*** Listed entries ***

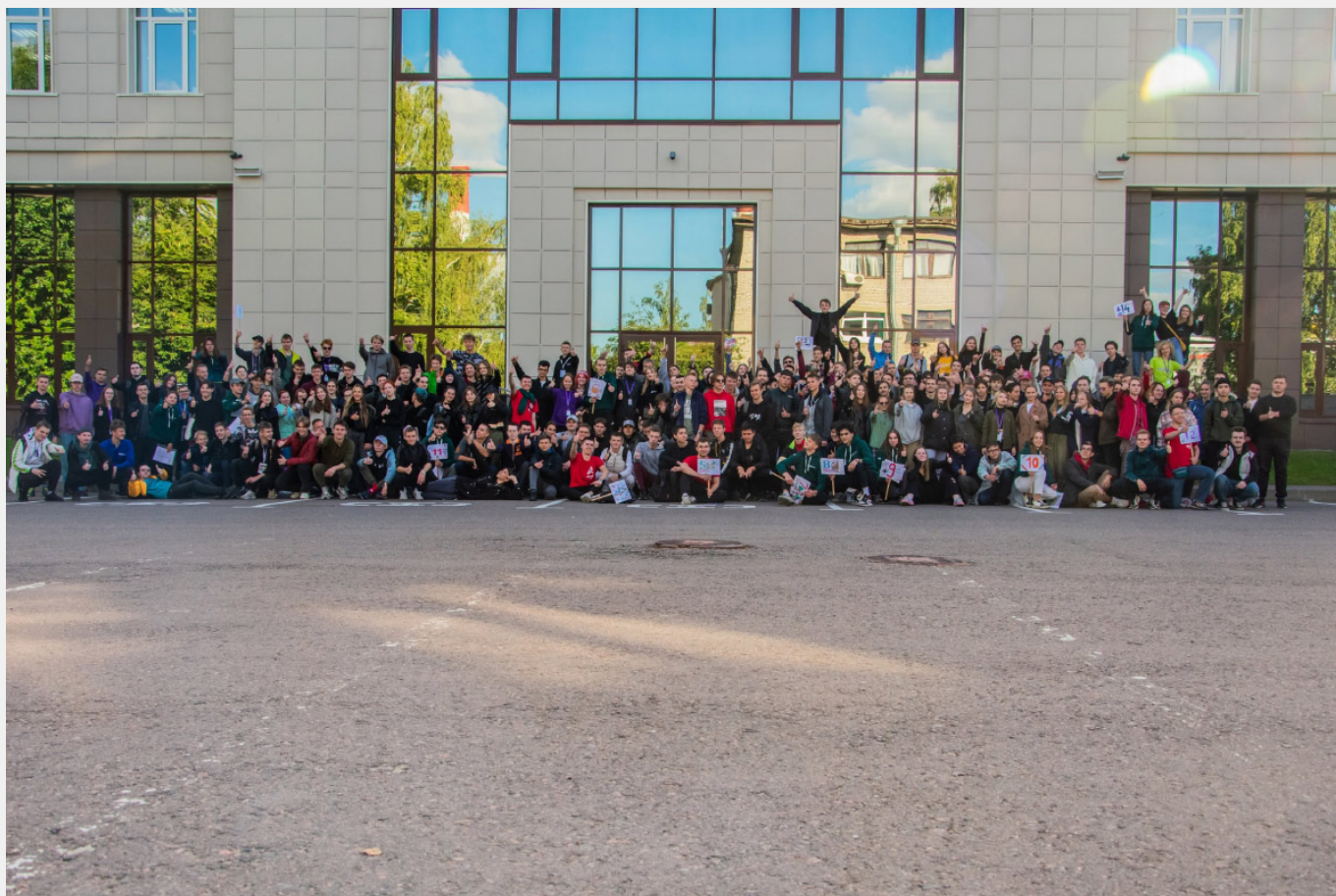
Посвящение первокурсников ИММиТ 2022
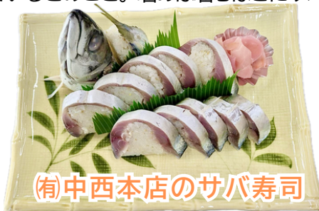
(有)中西本店のサバ寿司

中西本店さんといえば、高知の定番、皿鉢料理をはじめとする美味しい料理が有名ですが、特におススメなのが「サバ寿司」です！目を引くのは、サバの頭が添えられたインパクト抜群のビジュアル。盛り付けも美しく、特別な日にもぴったり。いざ食べてみると見た目の豪快さに反し、西土佐産の柚子が効いていて非常にさっぱり。酢を控えめにしまろやかに仕上げているとのこと。噛めば噛むほどにサバ本来の旨みを感じられます。これはお酒がすすむ！もし翌日になっても、少し炙ればまた別の美味しさに。特に頭の部分を炙ると絶品です！最近サバの入荷が難しく貴重な一品のようなのですが、みなさんも見かけたらぜひ食べてみてください。
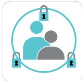
helhetlig og sikker
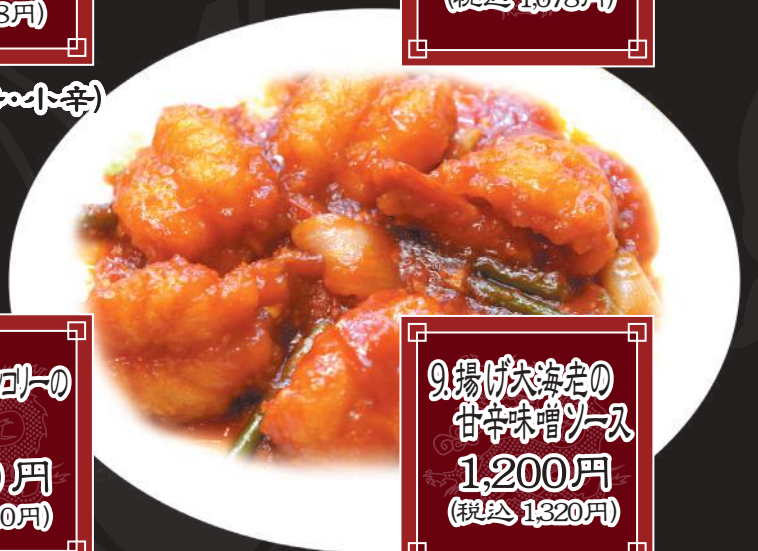
9. 揚げ大巻の 甘辛味噌ソース 1,200円 (税込 1,320円)
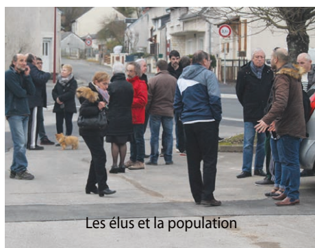
Les élus et la population

Après deux précédentes réunions dans les rues de la ville, c'était au tour des riverains de Salengro de rencontrer la municipalité.
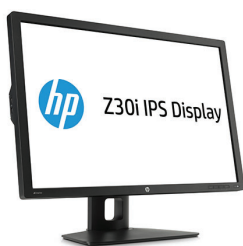
Tabela de especificações
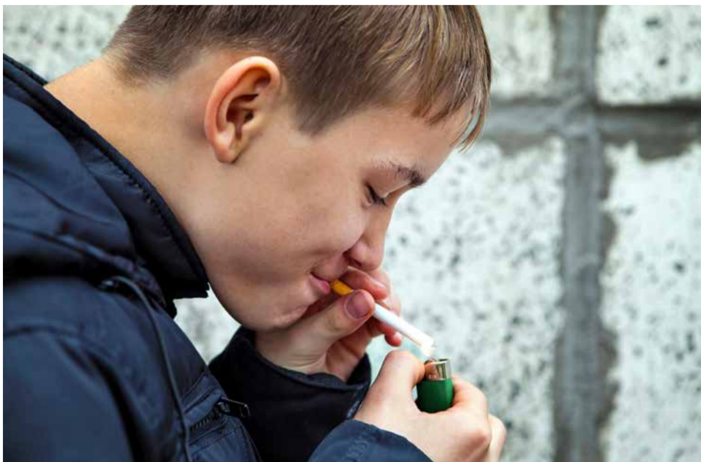
A Fribourg, 65% des garçons et 33% des filles de 15 ans ont déjà fumé une cigarette.
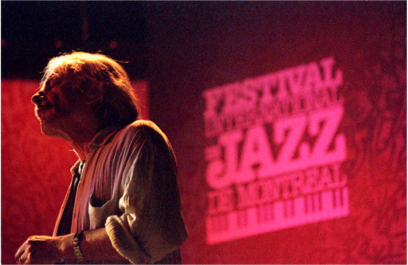
Enrico Rava, Montreal, 2001.
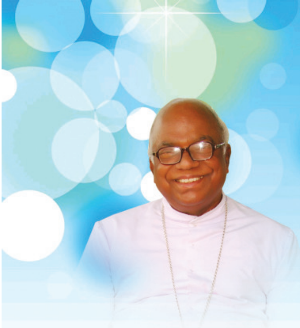
സെപ്തംബർ 21 ന് നാമഹേതുകത്തിരുന്നാളും 23 ന് ജന്മദിനവും ആഘോഷിക്കുന്ന അഭിവന്ദ്യ പിതാവിന് രൂപതാക്കൂടുംബത്തിന്റെ ആശംസകൾ
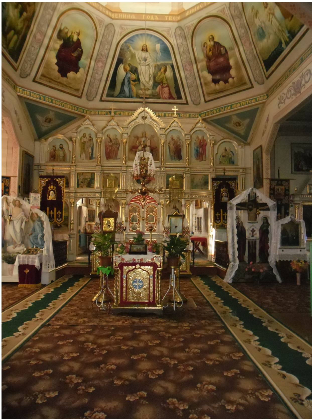
Зображення церкви в середині.
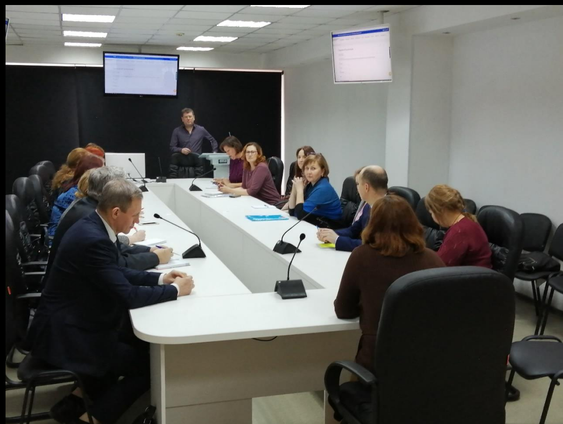
Конференц - зал
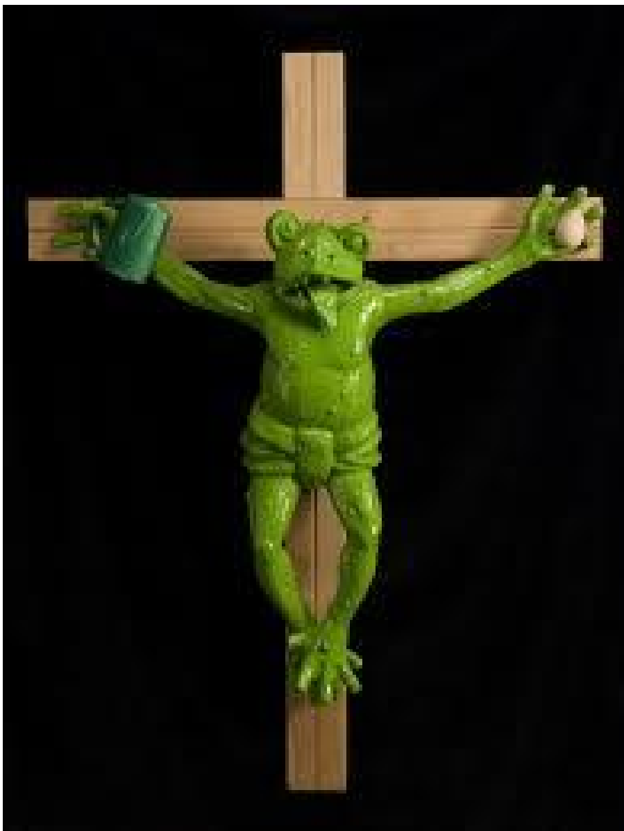
Martin Klippenberger, Rana crocifissa, Museion, Bolzano 1988.
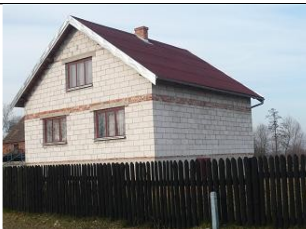
Dach z blachy

Zdjęcia 6,7,8 – Przykładowe rodzaje pokryć dachowych.
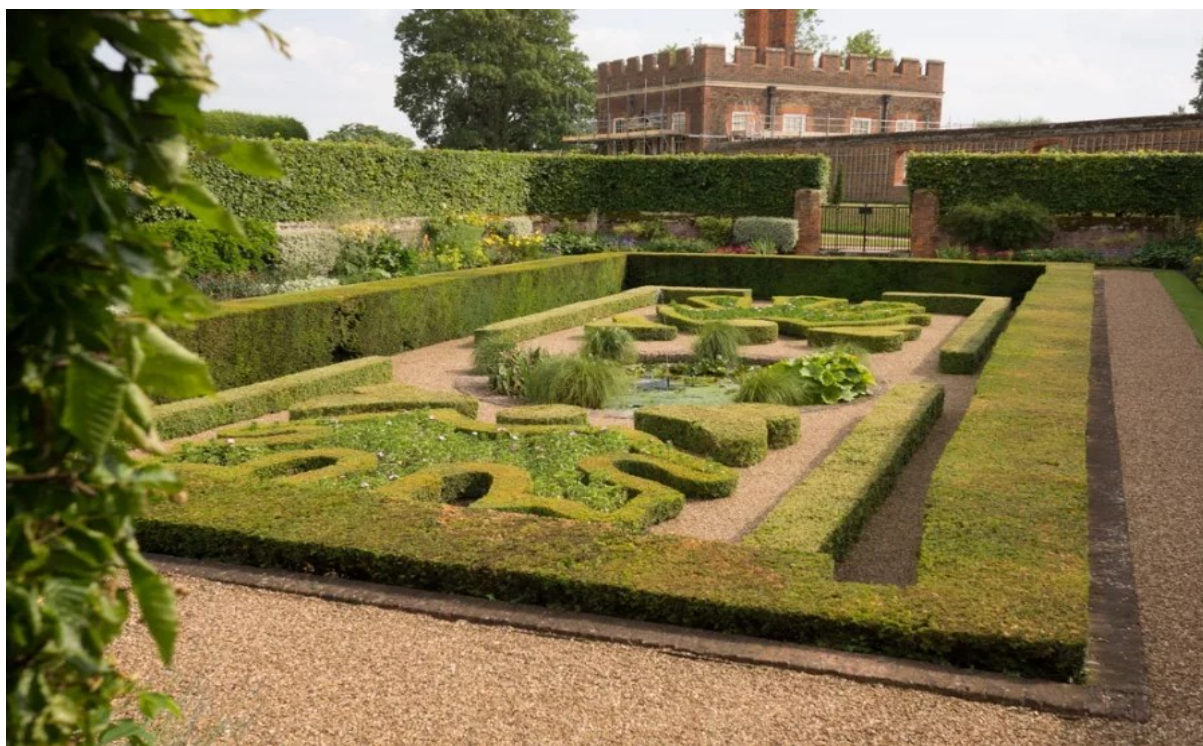
Парк Хэмптон-корт (Hampton court Park)

Рядом с усадьбами нередко размещали сады и парки с живыми изгородями.
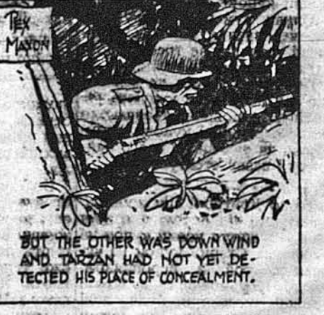
Та другий вояк стояв від вітру, і Тарзан ще не зачував віну.
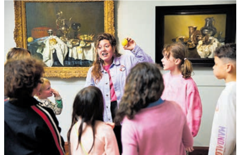
Op ontdekkingstour in het Frans Hals Museum.

De activiteiten sluiten aan bij de tentoonstelling Maarten van Heemskerck, die van 28 september 2024 tot en met 19 januari 2025 te zien is in het Frans Hals Museum, Stedelijk Museum Alkmaar en Teylers Museum. In deze eerste overzichtstentoonstelling ooit over deze 16de-eeuwse meester maken bezoeken
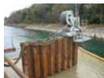
山国川橋施工状況

また佐井川橋（鋼上部工）工事がしゅん功を迎え、上毛工事区では2工事目のしゅん功となりました。友枝川橋の完成に伴い、これから唐原トンネルに着手します。唐原トンネルは国指定史跡である唐原山城跡の下を通り抜ける低土被りの特殊なトンネルです。延長は243mと短いですが、安全に努め施工を進めています。
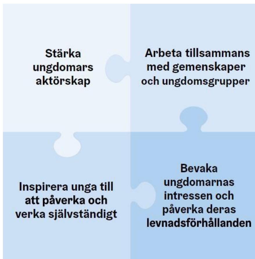
Bild 4. Ungdomstjänsternas fyra arbetsformer. De fyra pusselbitarna på bilden illustrerar hur ungdomstjänsternas arbetsformer överlappar och kompletterar varandra. Dessa fyra arbetsformer är: Stärka ungdomars aktörskap. Arbeta tillsammans med gemenskaper och ungdomsgrupper. Inspirera unga till att påverka och verka självständigt. Bevaka ungdomarnas intressen och påverka deras levnadsförhållanden.
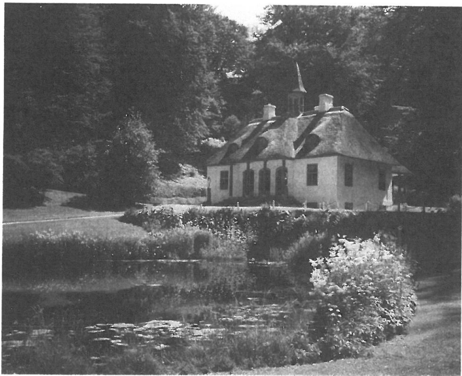
Fra Møens Klint

med det henrivende empire-jagtslot fra 1785. Godset Liselund er fredet i klasse A, og der hører en stor smuk park til området, som vi får anledning til at besøge, og for de friske bliver der en lille tur til stranden, hvorfra man får det bedste indtryk af de imponerende kridtklinter. På tilbageturen standser vi ved Præstekilde kro, hvor der serveres chokolade med boller og kringle, og turen afsluttes ved Søndervang. Prisen pr. deltager for middag på Søndervang, bustur og servering på kroen bliver omkring kr. 150 - 175. Af hensyn til arrangemen-
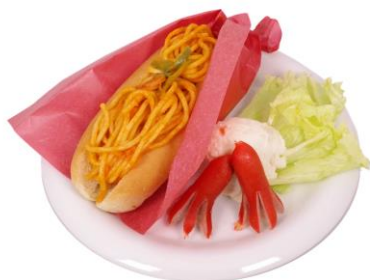
『レジェンド』 フード 1,000円
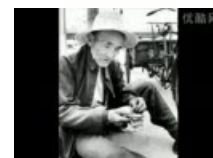
他感动了中国却没有感动CCTV
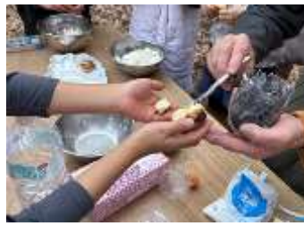
パンに炭バターぬって
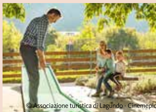
© Associazione turistica di Lagundo - Cirmepic
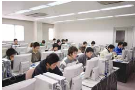
I C T 資格に関連する講座の授業風景
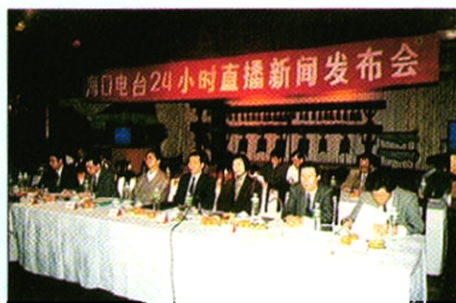
海口电台 24 小时直播新闻发布会。
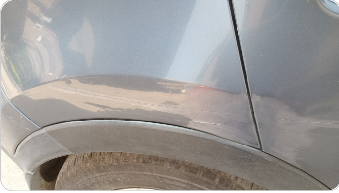
الرفرف الخلفي يمين : فبريكة (خرابيش)
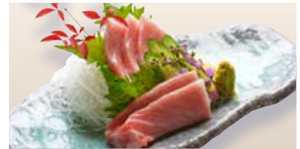
Otoro Sashimi _____ $60 Fatty Tuna 大とろ
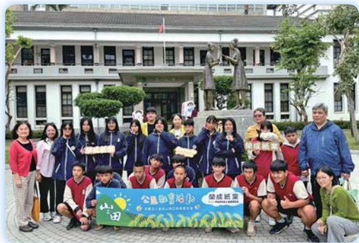
▲邀請南投縣民和國中師生到校參加五專新生體驗活動

【綜合業務組】教務處與五專各科於 114 年 3 月 8 日舉辦五專招生說明會，黃美智校長親自到場勉勵考生，現場氣氛熱絡溫馨，參與人數踴躍。此外，本校師長更全力投入，全台奔走參與各國中升學博覽會、集中宣導與入班說明，場次累計逾 90 場，為學子升學之路點亮明燈。國南護不僅用心招生，更關懷每一位學生的未來與機會。師長們多次主動走入偏鄉與離島，將升學資訊送到國中生手中，推廣多元入學與安心就學政策，殷許夢想不受地理限制。本學期特別邀請南投縣民和國中原住民族師生參加五專體驗營，實地體驗本校技職專長、助學資源與就學扶持。活動中，學生展現濃厚興趣與高度入學意願，並在結束後親手製作感謝卡，讓全體師長深受感動。
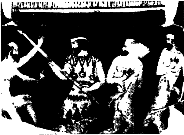
圖2 普羅米修斯盜火，前420年陶器畫，雅典國立考古美術館藏。 （圖片來自《萬物百科·世界文學》—雜誌與圖刊2000/7期，頁20。）
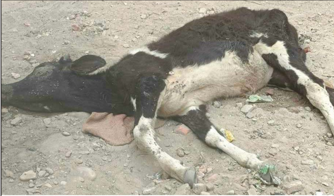
वीरगंजको श्रीपुरस्थित गुलाइचीमाई मन्दिरनजीकै दुई दिनअघि एउटा गाई मरेको अवस्थामा अलपत्र छ। स्थानीयले वीरगंज महानगरपालिकामा जानकारी गराउँदा पनि मरेको गाईको व्यवस्थापन गर्न कुनै चासो देखाइएको छैन।
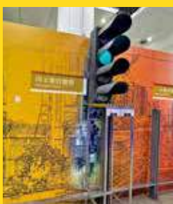
「鐵路解碼」展區介紹信號燈。
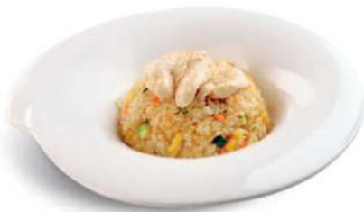
83 TORI MESHU Arroz con pollo*, huevos y verduras
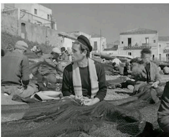
La terre tremble (1948) de Luchino Visconti
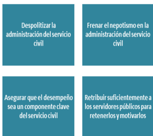
Fig. 1. Buenas prácticas en materia de reformas a los servicios civiles
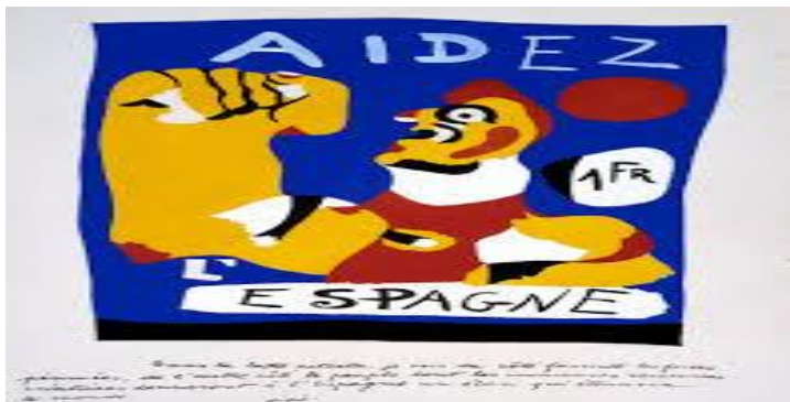
Slika 3. Juan Miro: plakat potpore Španjolskoj republici
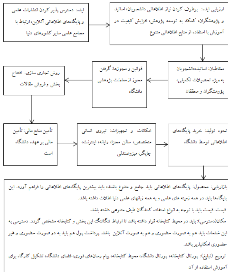
شکل ۱. پایگاه‌های اطلاعاتی، مدل مفهومی فرایند تجاری‌سازی پایگاه‌های اطلاعاتی (با تأکید بر ترتیب و توالی) کارگاه‌های آموزشی

پرسش اول پژوهش: اجزای اصلی تشکیل‌دهنده الگوی جامع تجاری‌سازی خدمات کتابخانه‌های دانشگاهی شهر کرمانشاه چه مواردی است؟ کشف(خلق) ایده، ارزیابی ایده، نحوه تولید، مخاطبان، بازاریابی، امکانات و تجهیزات، قوانین و مجوزها، تأمین منابع مالی و روش تجاری‌سازی.
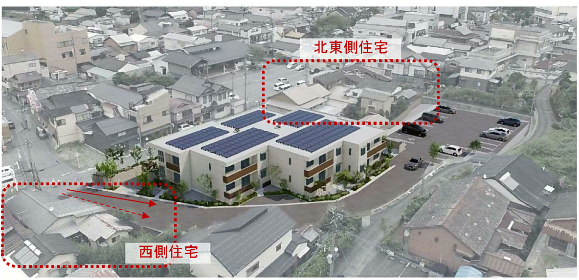
鳥瞰パース (南西側より)
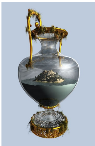
Marina Núñez Naturaleza (isla) , 2019 ( Nature (Island) ) Vídeo monocal. 2' Modelados 3D: Antonio Fuentes Producido por TEA, Tenerife. Cortesía de la artista y de La Gran
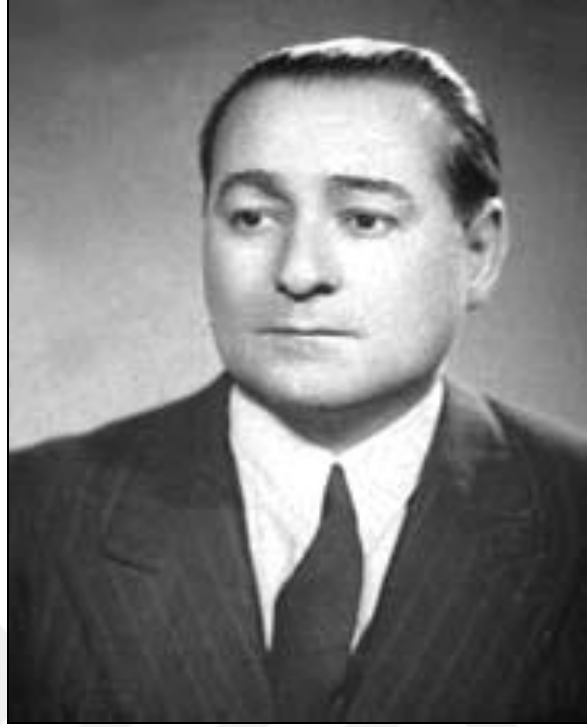
Şekil 2.2: Adnan Menderes

***

> **Task details**:
Copy only what lies between the line with "114 年 3 月 8" and the line with "شکل ۱. پایگاه‌های", those two lines included, exactly as given above; pictures stay out.

> **Response to the task**:
【綜合業務組】教務處與五專各科於 114 年 3 月 8 日舉辦五專招生說明會，黃美智校長親自到場勉勵考生，現場氣氛熱絡溫馨，參與人數踴躍。此外，本校師長更全力投入，全台奔走參與各國中升學博覽會、集中宣導與入班說明，場次累計逾 90 場，為學子升學之路點亮明燈。國南護不僅用心招生，更關懷每一位學生的未來與機會。師長們多次主動走入偏鄉與離島，將升學資訊送到國中生手中，推廣多元入學與安心就學政策，殷許夢想不受地理限制。本學期特別邀請南投縣民和國中原住民族師生參加五專體驗營，實地體驗本校技職專長、助學資源與就學扶持。活動中，學生展現濃厚興趣與高度入學意願，並在結束後親手製作感謝卡，讓全體師長深受感動。
圖2 普羅米修斯盜火，前420年陶器畫，雅典國立考古美術館藏。 （圖片來自《萬物百科·世界文學》—雜誌與圖刊2000/7期，頁20。）
वीरगंजको श्रीपुरस्थित गुलाइचीमाई मन्दिरनजीकै दुई दिनअघि एउटा गाई मरेको अवस्थामा अलपत्र छ। स्थानीयले वीरगंज महानगरपालिकामा जानकारी गराउँदा पनि मरेको गाईको व्यवस्थापन गर्न कुनै चासो देखाइएको छैन।
「鐵路解碼」展區介紹信號燈。
83 TORI MESHU Arroz con pollo*, huevos y verduras
La terre tremble (1948) de Luchino Visconti
Fig. 1. Buenas prácticas en materia de reformas a los servicios civiles
Slika 3. Juan Miro: plakat potpore Španjolskoj republici
شکل ۱. پایگاه‌های اطلاعاتی، مدل مفهومی فرایند تجاری‌سازی پایگاه‌های اطلاعاتی (با تأکید بر ترتیب و توالی) کارگاه‌های آموزشی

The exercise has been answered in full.